*YOUR INSTRUCTIONS*
Transcribe the data in full and exactly, omitting any pictures.

*THE DATA*
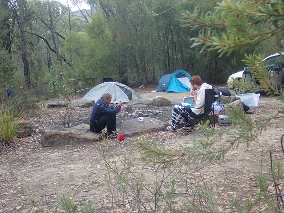 After our walk in the clouds we made our way back to Halls Gap to decide what we would do next. It was still wet and claggy, with clouds lingering on the hill tops and dampness hanging in the air, the sort that chills the bones. So we treated ourselves and went to the ‘locals’ café. Here it felt luxurious sitting at a table, being indoors and having a hot meal. Here we inspected the radar to see what more was to come, the forecast now indicated rain might continue till the wee hours of the night ahead of us but should abate in the north. So after the meal we went north to the Mount Zero campsite, where we had secured the last remaining available site:
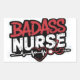 This vibrant and bold sticker features the phrase "BADASS NURSE" in large, eye-catching letters. The word "BADASS" is written in red with a distressed texture, while "NURSE" is in white with a similar texture.
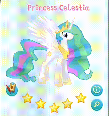 Princess Celestia is the ruler of Equestria. She resides in Canterlot Castle in Ponyville with Princess Luna and Disguised Celestia. It also appears in Canterlot and Crystal Empire and is voiced by Nicole Oliver. When tapped, says "Will you accept my friendship?" (Friendship is Magic - Part 2 episode) and "You need to make some friends".
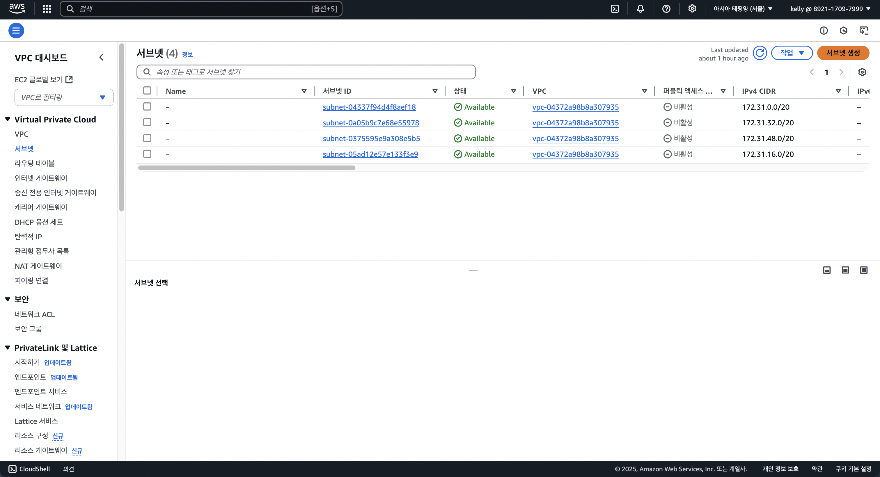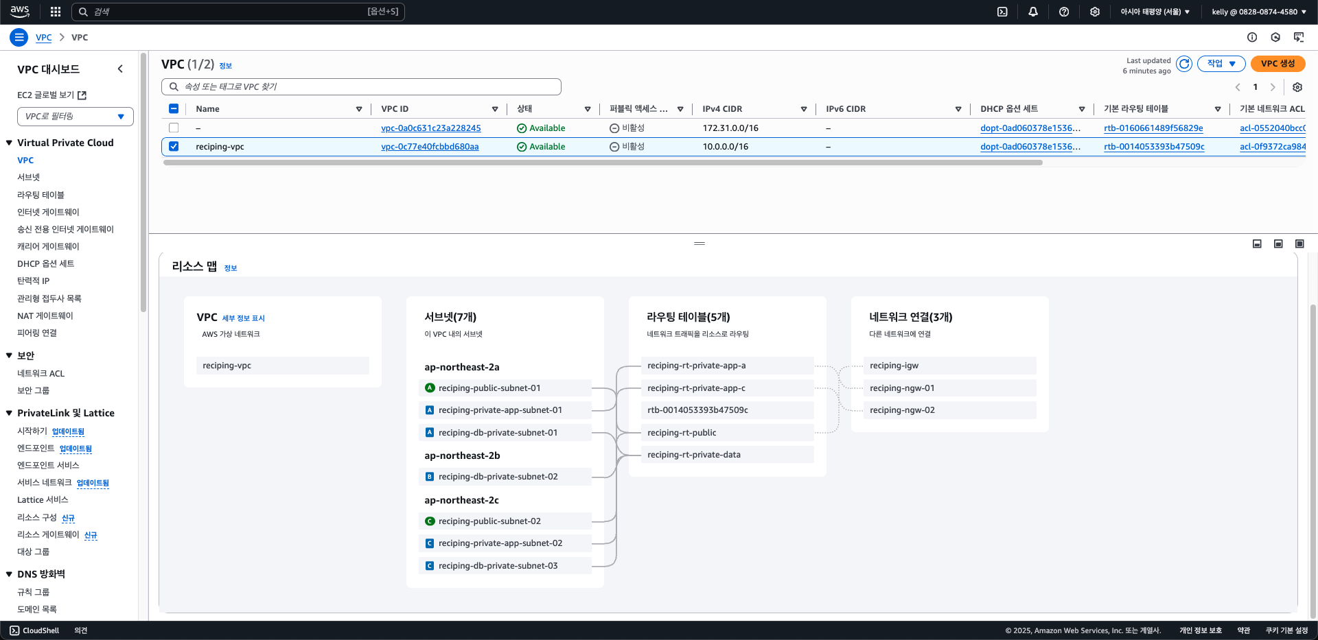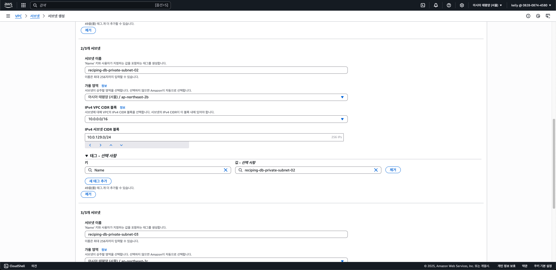 아까 만든 reciping-vpc 선택 후, 가용영역 a 에 10.0.0.0/20 으로 퍼블릭 서브넷 01 생성가용영역 c 에 10.0.16.0/20 으로 퍼블릭 서브넷 02 생성가용영역 a 에 10.0.64.0/20 으로 프라이빗 서브넷 01 생성가용영역 c 에 10.0.80.0/20 으로 프라이빗 서브넷 02 생성application level 서브넷들 생성 완료

*PROBLEM SOLUTION*
 After our walk in the clouds we made our way back to Halls Gap to decide what we would do next. It was still wet and claggy, with clouds lingering on the hill tops and dampness hanging in the air, the sort that chills the bones. So we treated ourselves and went to the ‘locals’ café. Here it felt luxurious sitting at a table, being indoors and having a hot meal. Here we inspected the radar to see what more was to come, the forecast now indicated rain might continue till the wee hours of the night ahead of us but should abate in the north. So after the meal we went north to the Mount Zero campsite, where we had secured the last remaining available site:
 This vibrant and bold sticker features the phrase "BADASS NURSE" in large, eye-catching letters. The word "BADASS" is written in red with a distressed texture, while "NURSE" is in white with a similar texture.
 Princess Celestia is the ruler of Equestria. She resides in Canterlot Castle in Ponyville with Princess Luna and Disguised Celestia. It also appears in Canterlot and Crystal Empire and is voiced by Nicole Oliver. When tapped, says "Will you accept my friendship?" (Friendship is Magic - Part 2 episode) and "You need to make some friends".
 아까 만든 reciping-vpc 선택 후, 가용영역 a 에 10.0.0.0/20 으로 퍼블릭 서브넷 01 생성가용영역 c 에 10.0.16.0/20 으로 퍼블릭 서브넷 02 생성가용영역 a 에 10.0.64.0/20 으로 프라이빗 서브넷 01 생성가용영역 c 에 10.0.80.0/20 으로 프라이빗 서브넷 02 생성application level 서브넷들 생성 완료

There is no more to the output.